New Patent Could Simulate Human Conversations With The Dead

Microsoft has created a patent that allows the tech giant to create an AI-assisted chatbot using the personal information of deceased people.

The bot, based on the “images, voice data, social media posts, electronic messages” and more, would facilitate a simulated human conversation with users’ dead loved ones.
The new chatbots have drawn comparisons to an episode of Black Mirror starring Hayley Atwell, titled Be Right Back.
In the episode, Atwell plays a woman who pines for her boyfriend, Ash (Domhnall Gleeson), who was killed in a car accident. Driven to desperate measures, Atwell’s character decides to use technology to resurrect her dead boyfriend as artificial intelligence so they can continue to be together. Using a new online service, she uploads all of her boyfriend’s past online communications and social media profiles, which the service uses to create a new virtual “Ash”.

In a statement discussing the bot, Microsoft said

“The specific person [represented in the bot] may correspond to a past or present entity (or a version thereof), such as a friend, a relative, an acquaintance, a celebrity, a fictional character, a historical figure, a random entity etc”

Hinting that the technology could be used to communicate with another person once they have died, the statement adds –

“The specific person may also correspond to oneself (e.g., the user creating/training the chat bot.”

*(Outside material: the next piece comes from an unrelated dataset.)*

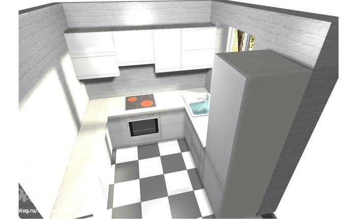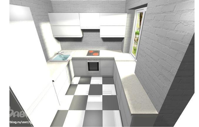 Только, на мой взгляд, рисунок пола маленькой кухни должен быть мельче. Хотя это же просто эскиз?

In regard to the Black Mirror series, creator Charlie Brooker admitted last year that he has taken a break from working on the new season of the show because the fictional world of the series is all too depressingly similar to the reality we’re living in at the moment –

“I’ve been busy doing things. I don’t know what I can say about what I’m doing and not doing. At the moment, I don’t know what stomach there would be for stories about societies falling apart, so I’m not working away on any of those [Black Mirror episodes]. I’m sort of keen to revisit my comic skill set, so I’ve been writing scripts aimed at making myself laugh.”


Last month, Brooker and Annabel Jones shared new Netflix documentary M.